20 August 2008

I've got to be the only one who thinks about these things


[The Taco Bell harbinger of death.]


Thanks to Blogger's handy auto-post option and my slow Tuesday, I cranked out a post for Wednesday, Thursday and Friday and set each to auto-post on a respective day.* The point was, no matter how crazybusy I was and how many meetings I found myself in (I have five, count 'em: five standing meetings on Wednesday), I'd know that some small gift from me was headed your way, dear Internets.

Then I thought, what if I die tonight? Won't it be weird to have posts seemingly from the other side? How creepy is that? Okay, it's not as creepy as having a Taco Bell delivery show up at your door from someone who's dead but still...** I dunno...

Then I thought: well, most of you won't know I'm dead.

That wasn't the cheery thought you might think it ought to be.

I left the auto-posts in place and told myself to get over myself.

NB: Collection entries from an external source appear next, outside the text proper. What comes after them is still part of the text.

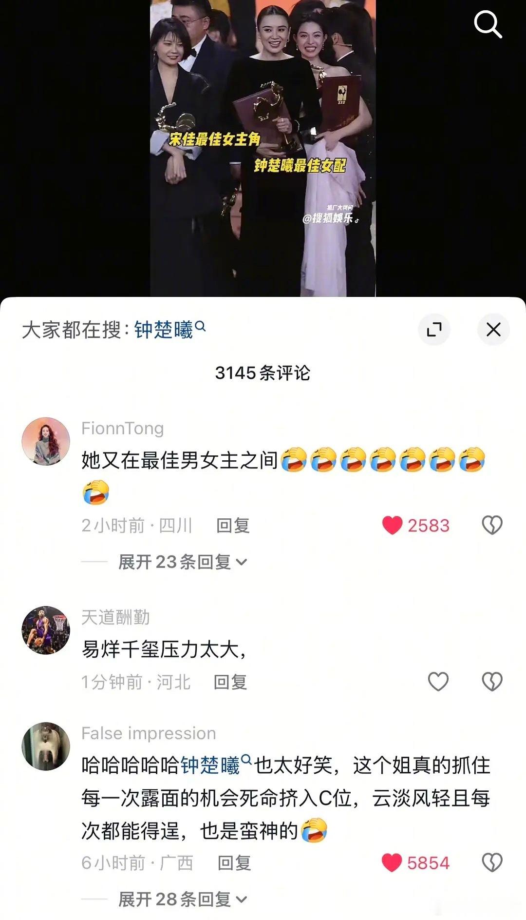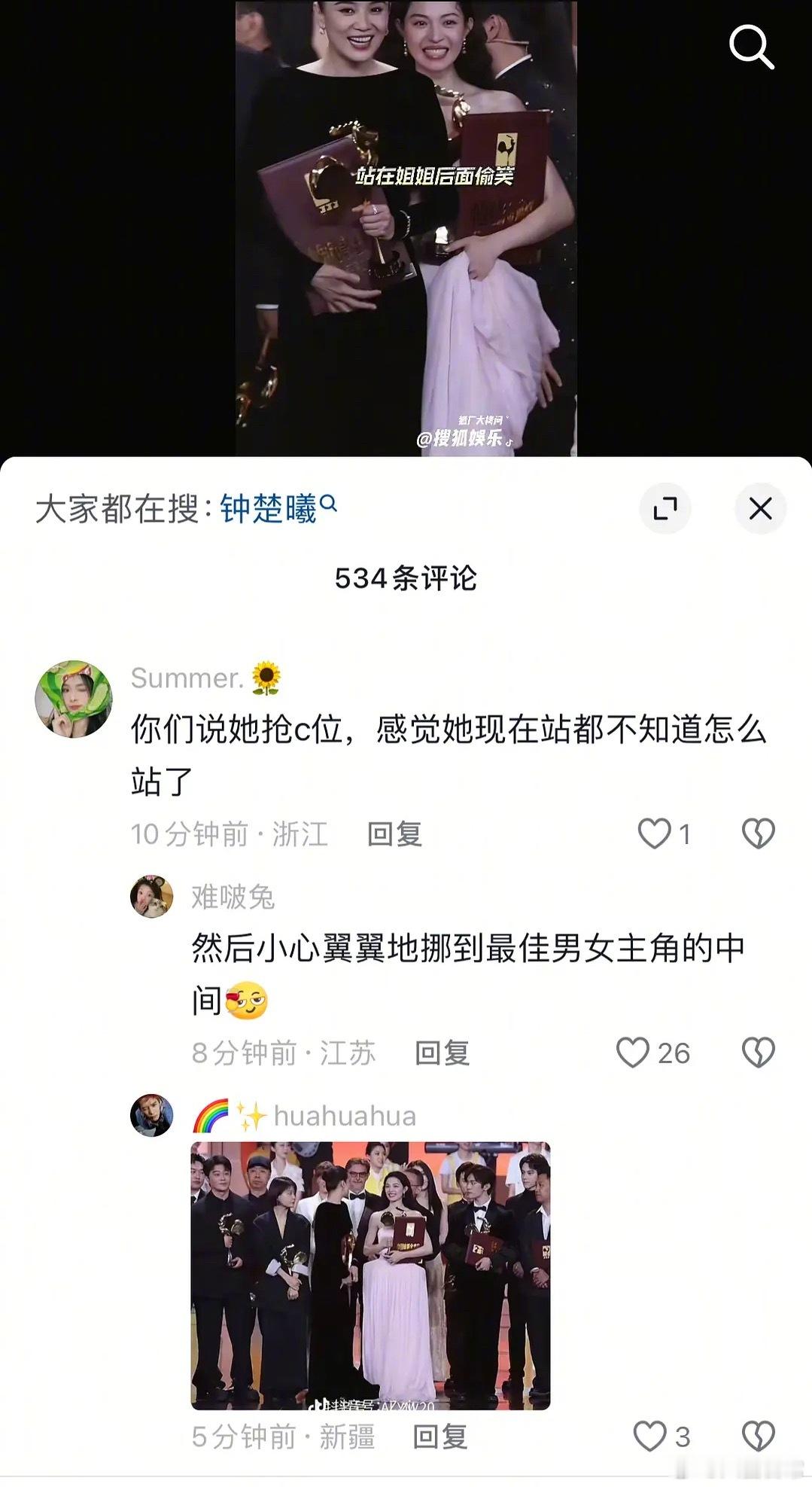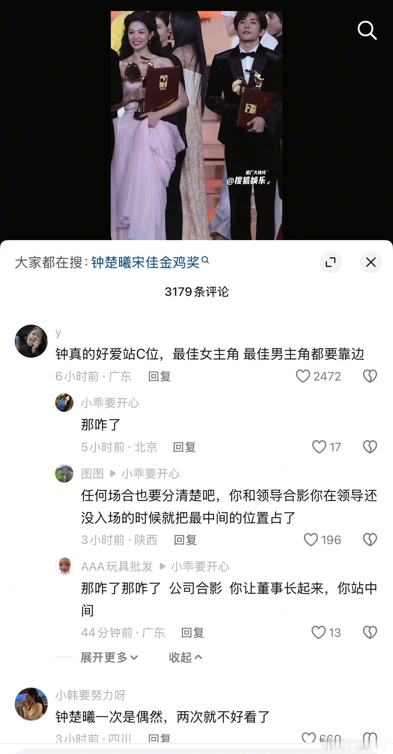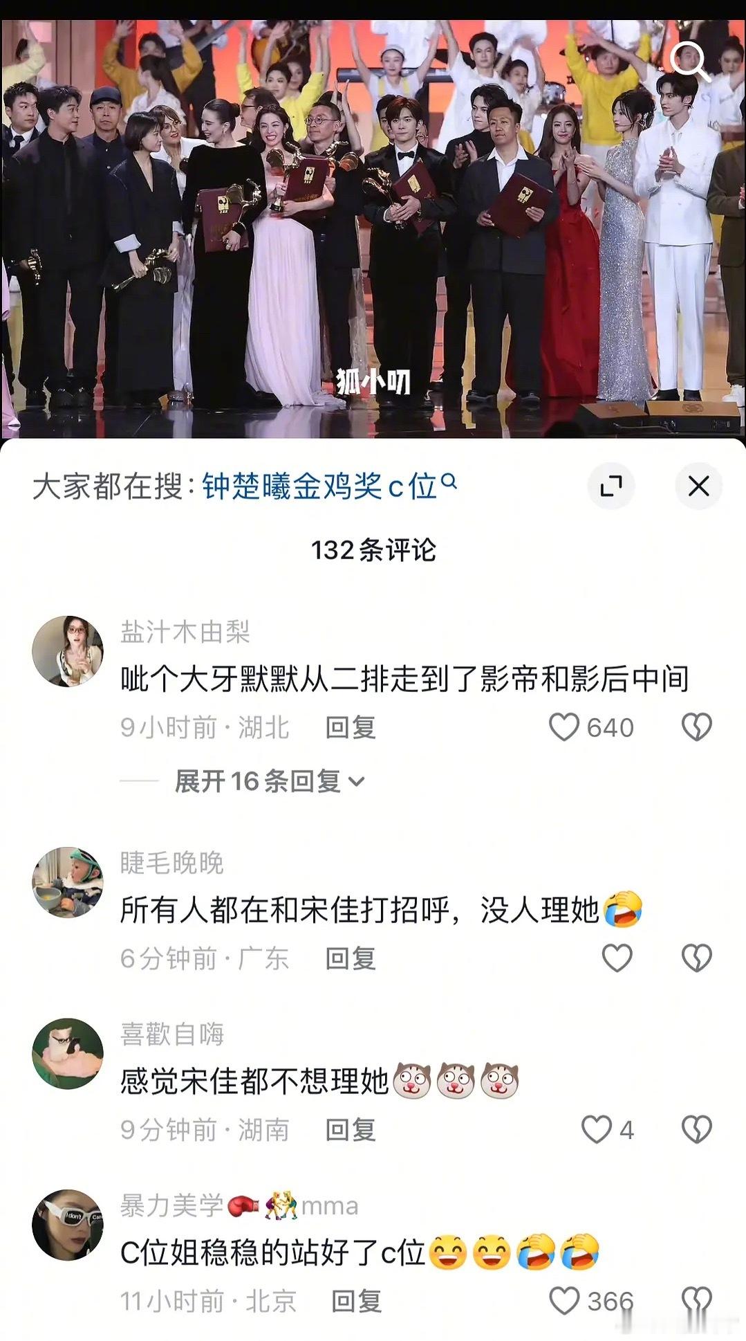 钟楚曦金鸡奖大合照站在宋佳和易烊千玺中间又被说抢C位
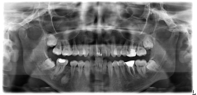 On est coincé ici par la perte de 46 avec déviation des inférieures à droite et la pseudo classe I dentaire à gauche dans ce profil rétrognathe.
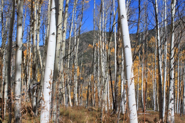 The Aspens grow in large colonies from a single seedling–one single organism and second to the largest—the Great Barrier Reef. They make you question the concept of a tree; only as a young seedling does the plant approximate a typical “tree” with a single trunk and a simple root system. As the seedling (referred to as an ortet) grows, it sends out lateral roots that may extend over 100 feet in many directions. These roots possess an enormous potential for suckering, that is, sending up shoots much like a potato does. Suckers grow into woody stems that superficially resemble individual trees. One seedling eventually expands to as many as 50,000 genetically identical stems arising from one parent root system, and may cover over 100 acres. Suckering is the primary method of aspen propagation. They build communities. The Aspen is nature’s greatest artist at work.
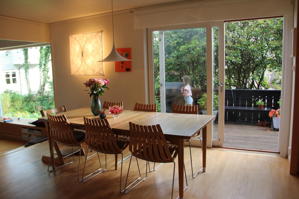Our house is a modernistic house from the '60s, and we are renovating little by little, while trying to keep the original qualities. The area where we live is famous for many villas by early 20th century modern architects, and the area is actually called Paradis. The house is situated 400 m from the city light rail that will take you to Bergen centre or the airport in 20 minutes, and directly by a bus stop. The nearest centre is 5 min by light rail (or 9 min by bike) away.
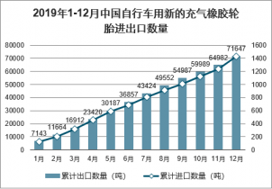 2019年1-12月中國自行車用新的充氣橡膠輪胎進(jìn)口數(shù)量為1433噸,同比下降24.4%;22019年1-12月中國自行車用新的充氣橡膠輪胎出口數(shù)量為71647噸,同比下降2%;

But occasionally I think about things like this. Really stupid things.*** Like, what if my car decides to switch stations on me just at the point of death and the police come and track it back **** and they announce to my loved ones that I was listening to Rush Limbaugh or Billy Ray Cyrus at the moment I left this mortal coil when that was the car's choice, damn it! It's an electrical problem! But Rush or Billy Ray? That's not good. That's not how I want to be remembered, if I'm remembered at all. Promise me, when the AP wire gets listed, you'll skip the part about the radio station I was listening to. PROMISE ME!

Um, thanks.

Well, I didn't die before the Wednesday post went out. That's something.

Now I'm thinking: wouldn't it be weird if I died right after I sent out this post on how weird it would be if I died?


* This post was not one of them. This is an extra special post just 'cause. Remember I delivered this extra post when I am a husk of failed creativity. Or something.

** Is it possible to get a Taco Bell delivery? Maybe that doesn't even make sense. You see how distraught I am.


*** As opposed to my usual brilliant analysis on important topics like String Cheese.

**** Because the police have nothing better to do than ponder what radio show I was listening to when I died.

10 comments:

AbbotOfUnreason said...

I heard on "Wait, Wait Don't Tell Me" about a site for Christians who believe in the rapture. They can put in emails for their heathen friends and in the event of the rapture (when they're taken up to heaven), their friends who didn't make the cut will get farewell messages. They've got a set of devout Christians who have to log onto the site every day. If those folks don't log in as expected, the system assumes they've been Taken Home and sends out the creepy messages from beyond.

Maybe that was one of the things they said was not true...

Anyway, it occurs to me that it might be a good business idea to have an email server that you can send messages to and if you don't go in after a day to remove the message, only then does it send it on. That way, you can have time to cool off or rethink or sober up or whatever and catch that email before it causes more trouble.

Kristin said...

I totally think about these things, especially because I try to autopost about the paces I'm going to be when I go on vacation. What if I get lost? Don't go? Die in fiery plane crash? That would just be weird.

Narm said...

It is kinda like when your Mom tells you wear clean underwear just in case you get hit by a car.

Herb said...

You aren't the only person thinking of this! I also just posted on a similar topic on my blog. So who gets your blog when you pass away? Should you put your expectations in your will?

Gilahi said...

What makes you so sure that you won't be able to continue to blog after you die? I strongly suspect that many bloggers in this space shuffled off their mortal coil years ago. Do you ever see their photographs? No. It's because they don't show up on film. Or in digital... whatever it is.

Reya Mellicker said...

When I have thoughts like this, the Sufi acupuncturist does a serious treatment on me, including muttering prayers in Arabic (since he's Sufi.)

Cease and desist with the "what if I die" thoughts, yes? YES!! L'chaim!

Anonymous said...

So funny, but oh I think about this stuff too. Like, should I delete all those old drafts that I wrote in a fit of passion but I am so relieved I never posted? Would someone eventually find them? Eeks!

Shannon said...

Oh, gosh, I've been dead for YEARS. A freak kegstand accident - very embarassing. Fortunately, as a noble savage, I'm able to blog from Limbo.

Anonymous said...

That's pretty interesting to think about, you're right -- posts coming out on the blog even if something horrific has happened to you. I've thought about giving someone access to my Wordpress account so they could let my blog readers know if something happened to me, but I haven't followed through yet.

lacochran said...

Abbot: "their friends who didn't make the cut will get farewell messages" -- as in "I told you so"?

Kristin: ExACTly.

Narm: Right. Does she know something we don't?

Herb: You did a great treatment on the topic! Funny stuff.

Gilahi: That would explain some things, yes.

Reya: Yes! L'chaim!

Charlotte: A little housekeeping, eh?

Shannon: Nice blog/death balance!

Zandria: Don't even put that energy out there.